Kris couldn't have cared if every person in the cast was dying violent deaths. He was just trying to keep breathing with Yixing's head so close, and a hand bracing himself on Kris's stomach. And he didn't really dare look at his friends, fearing what he'd see. A round of thumbs-up or something, As though he didn't feel awkward enough. Though as the minutes wore on, so did the movie, and it didn't seem like Yixing was going to move. His back relaxed a fraction, allowing him to relax into Yixing against him. And it wasn't many more minutes beyond that, with screams still echoing in the room, that he realized Yixing had fallen asleep.

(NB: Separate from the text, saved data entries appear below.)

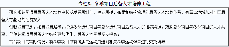 以北京冬奥会全面参赛为目标,扩大冬季运动开展规模,提高基础设施投入力度。落实《国家体育总局2022年北京冬奥会备战工作计划》,优化冬季项目的结构布局,建立完善国家、省市、社会、高校四级体系,巩固扩展短道速滑、花样滑冰、速度滑冰和空中技巧、单板滑雪等项目的基础和水平,加大冰球和高山滑雪等落后项目的政策扶持措施和投入力度,大力发展雪车、雪橇和北欧两项等新开展项目。精心打造各运动项目国家队,完善国家队的组建、选拔、训练、管理等各项制度,加强对国家队经费投入、奖励政策、基地建设、后勤服务、情报信息、科研等方面的保障。落实《冬季项目后备人才培养中长期发展规划》,实施“冬季项目后备人才培养工程”,加强高水平后备人才基地的建设,努力改善后备人才培养的训练设施和教练团队。有序推进2018年和2022年冬奥会的备战与参赛工作,力争进入第二集团前列。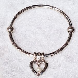 This elegant Brighton bracelet features a charming heart pendant, perfect for adding a touch of sophistication to any outfit. The intricate design and classic silver color make it a versatile accessory for any occasion.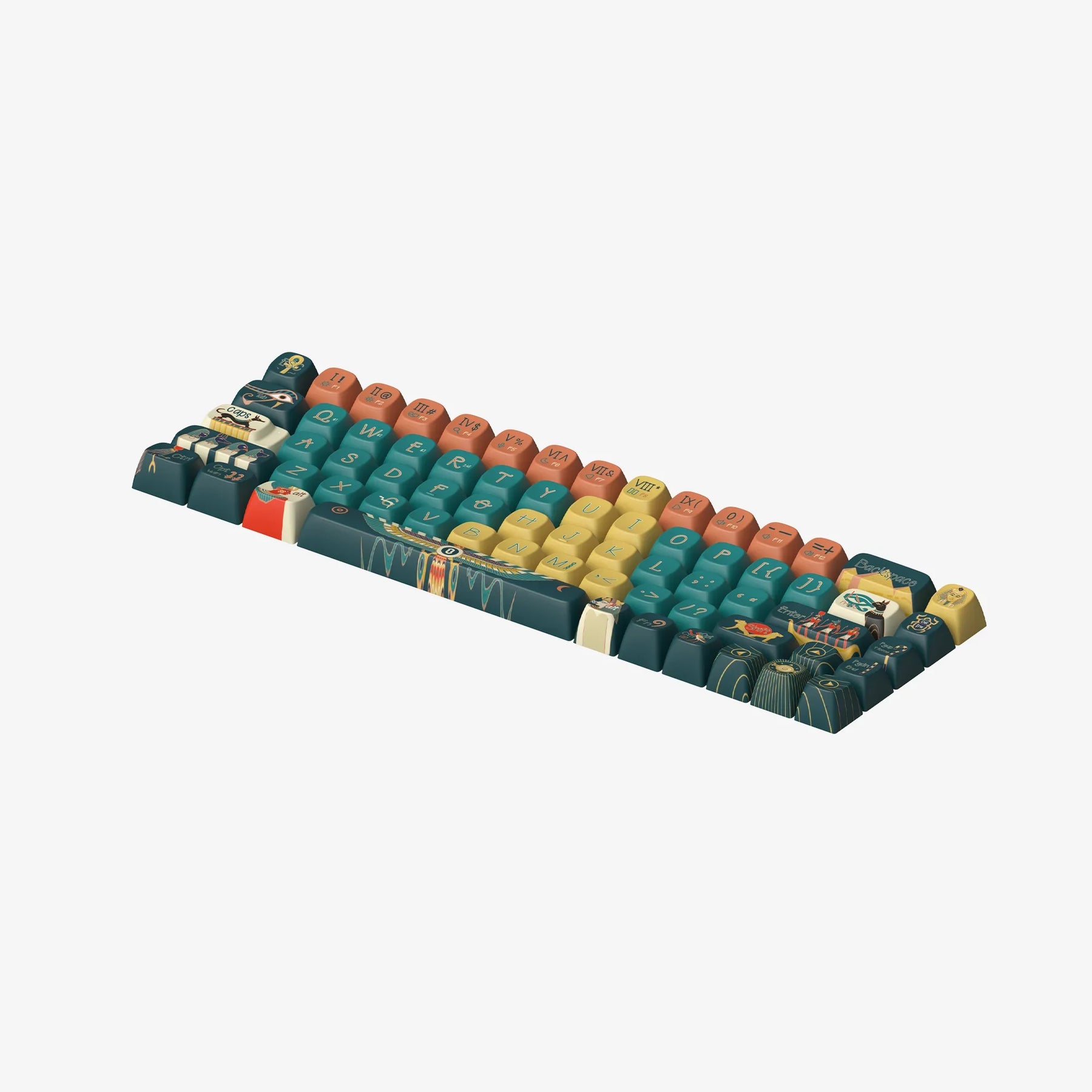 Explore the grandeur of ancient Egypt with our "Pharaoh" keycaps. Adorned with images of enigmatic pyramids and exquisite temple frescoes, the set of keycap is a tribute to the splendor of a civilization defined by its architectural and artistic achievements. These keycaps bring the essence of ancient Egyptian power and beauty right to your fingertips.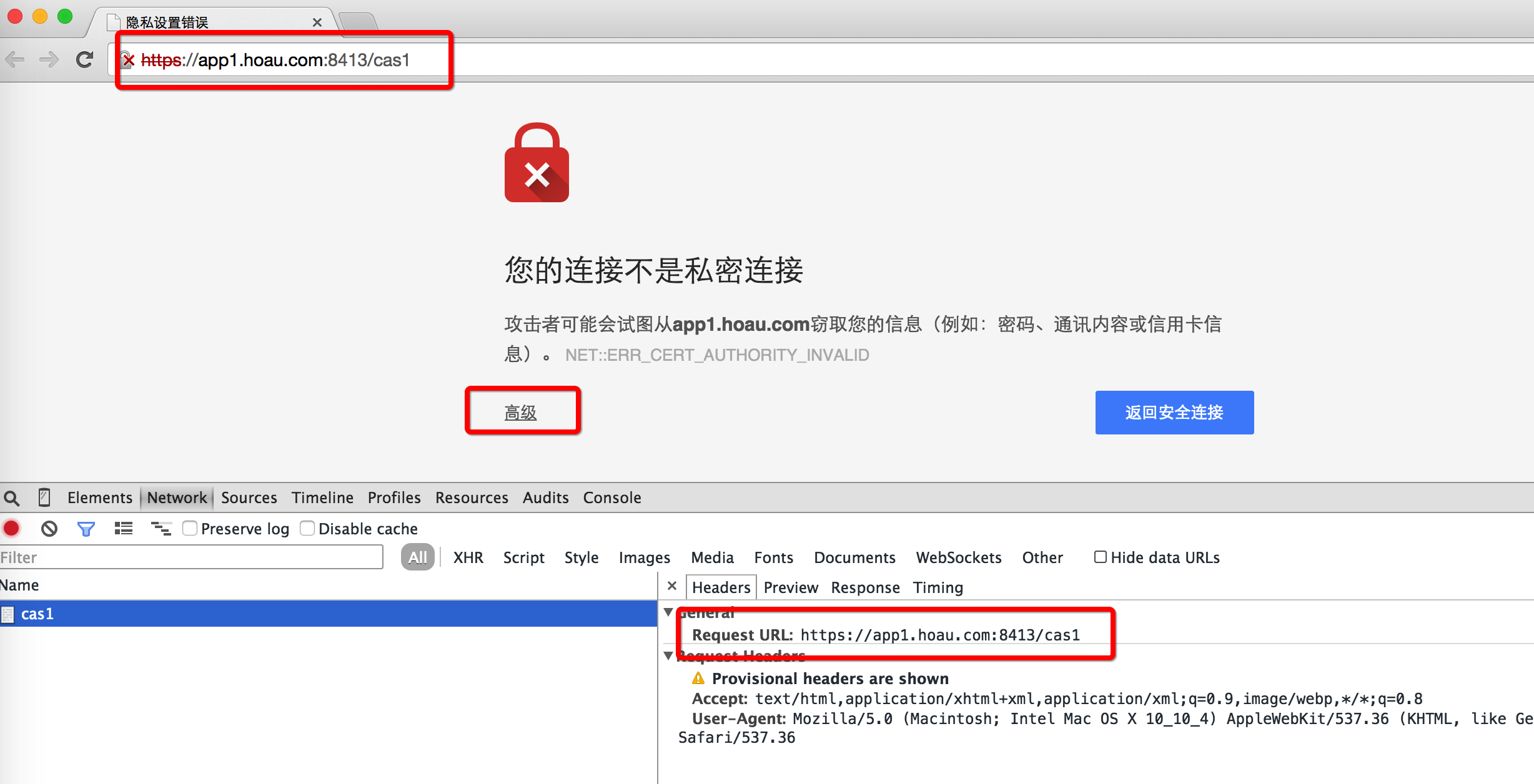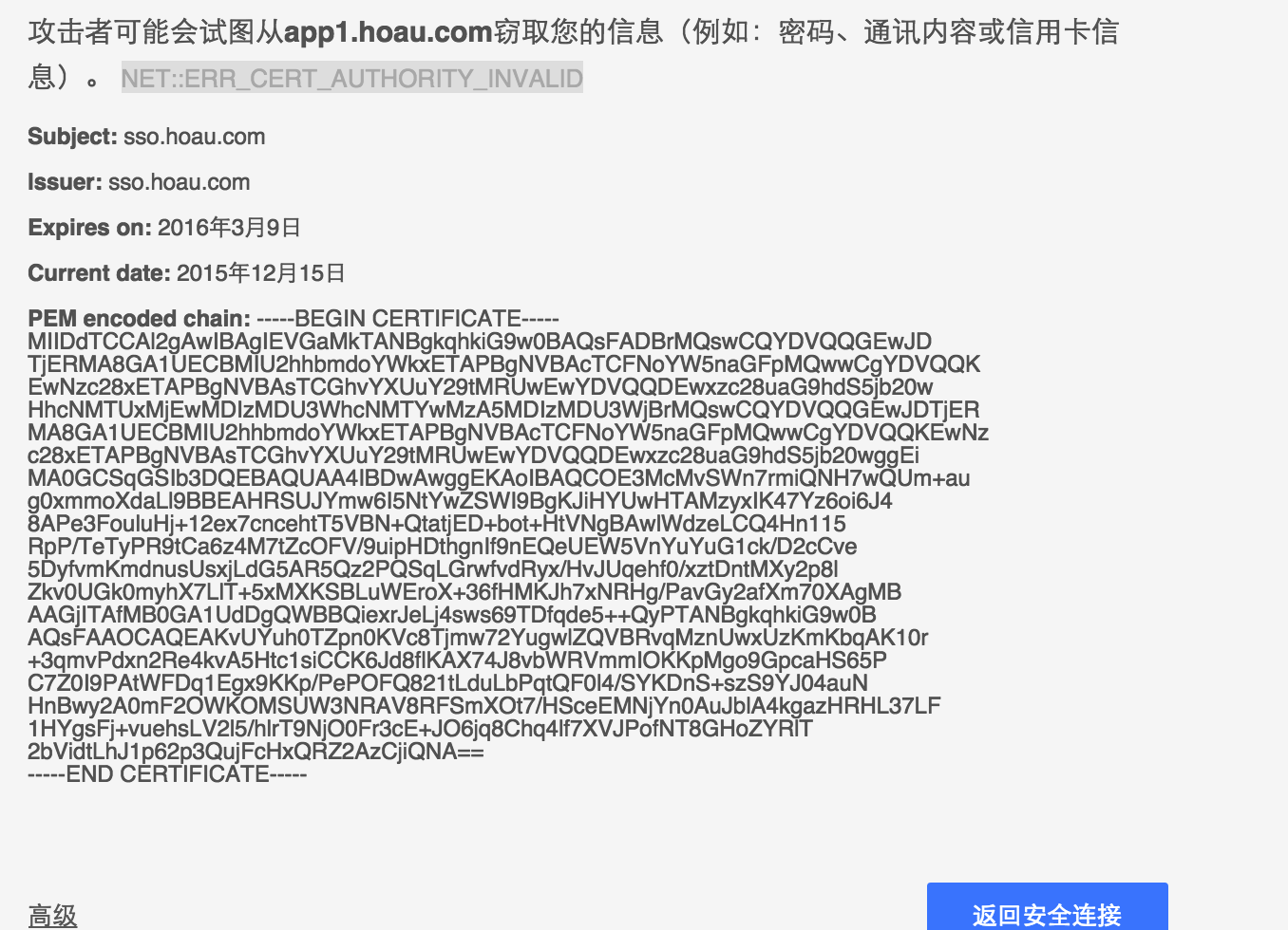 点击“高级”,选择“继续前往app1.hoau.com(不安全)”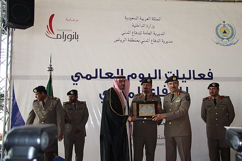 سبق-الرياض :رعى المدير العام للدفاع المدني الفريق سليمان بن عبدالله العمرو  صباح اليوم حفل تدشين فعاليات اليوم العالمي للدفاع المدني لعام 2015م، نيابة عن الأمير فيصل بن بندر بن عبدالعزيز أمير منطقة الرياض والتي أقيمت تحت شعار "تنمية مستدامة بلا مخاطر"، بمركز بانوراما مول التجاري بمدينة الرياض.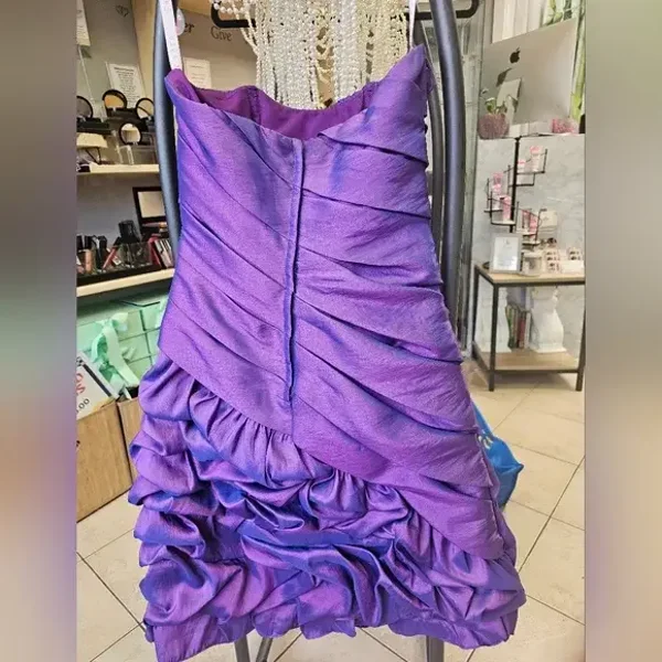 Make a statement with this chic strapless purple dress. Its vibrant color and elegant design are perfect for any special occasion.

He wasn't sure, but it was possible that his jaw was going to break as tightly as he was clenching it. Then he wasn't moving for a totally different reason. Before, he'd been trying to keep Yixing from touching him more than necessary, for his sanity. And then, he was trying not to move so Yixing wouldn't be disturbed - which might mean Yixing moving away. Sehun would have something to say about that, he knew. It didn't mean-- It meant just what it meant. That he liked Yixing against him. He felt right there, the solid weight of a sleeping man. He wondered how it would feel in reverse, if he were resting his head on Yixing's chest. Breathing in whatever scents he wore, whatever he smelled like naturally. But it kept Kris from doing anything but staring blankly at the screen. His hand was clutched in the back of the seat, but a glance over told him he could have let his arm drop, letting his hand rest over Yixing's ribs or waist. It just had his fingers tightening further.
Yixing jolted at the sound of a door slamming in the movie, scaring Kris half to death.

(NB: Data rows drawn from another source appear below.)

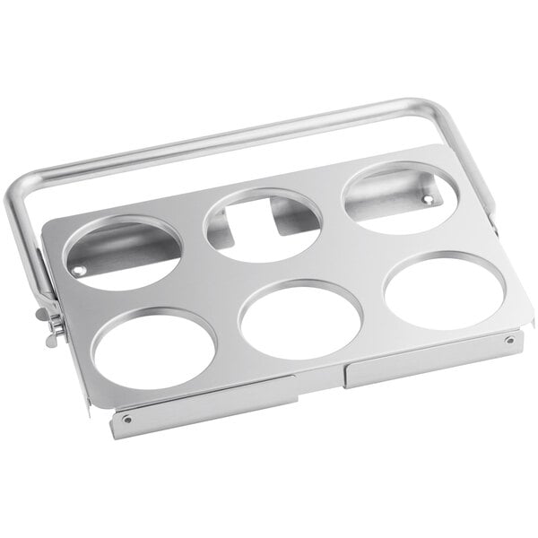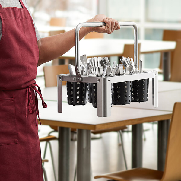 Streamline your food service operations with this Choice stainless steel flatware carrier with 6 black perforated cylinders.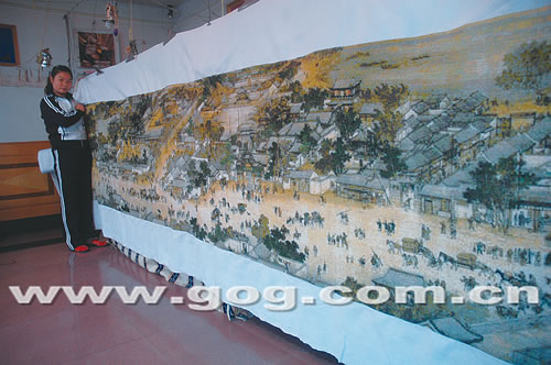 金黔在线讯 昨日,贵阳市半边街的龙顺珍女士向记者展示了她和10余人,历时一年半之久,一针一线绣成的30米长十字绣《清明上河图》。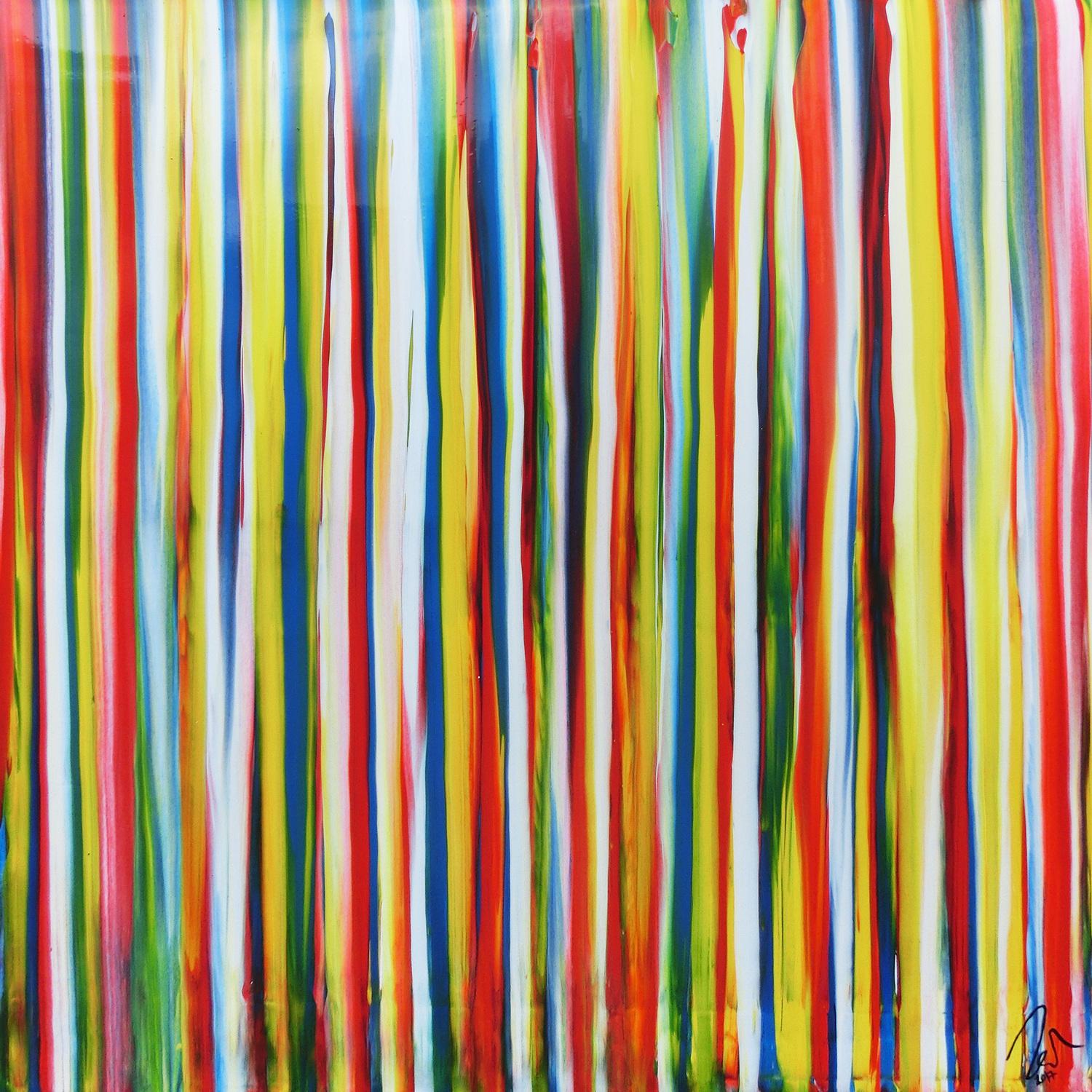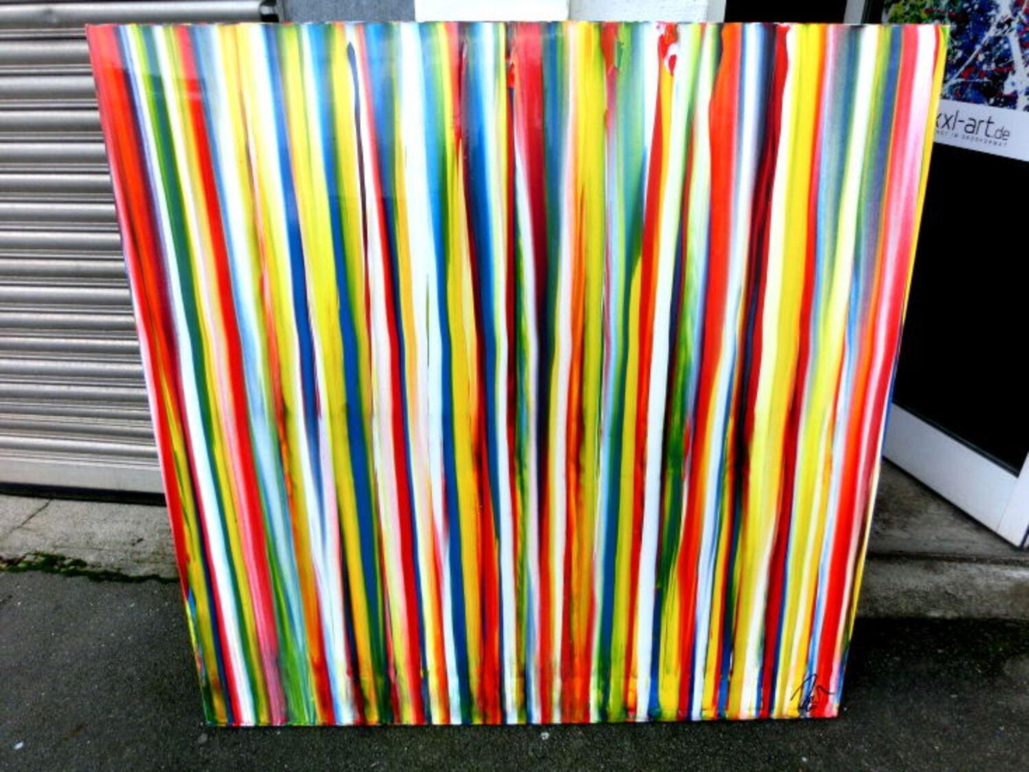 Abstraktes Gemälde auf Leinwand Abstraktes Acrylbild bunte Streifen sehr modern Spachteltechnik viele Farben in 130x130cm von Alex Zerr

"Sorry, I fell asleep," Yixing said, his voice a bit rough, head still on Kris, but beginning to move.
It was instinctual, fast and desperate, grabbing Yixing’s far shoulder and jostling him the half an inch he’d moved and back into place.
"It's okay," Kris said, reaching up to pat the hand that was resting against his stomach.
It was apparently the wrong move, because at a squeak from his right, he looked up to see Sehun covering his mouth - likely to cover the complete and utter smugness there. Not only that, but Zitao and Joonmyun were also grinning. If his glare could have killed them all, he was fairly certain it would have. He wasn't sure how Sehun had clued Zitao in on what he was trying to do, but it was obvious all three of them were somehow working together.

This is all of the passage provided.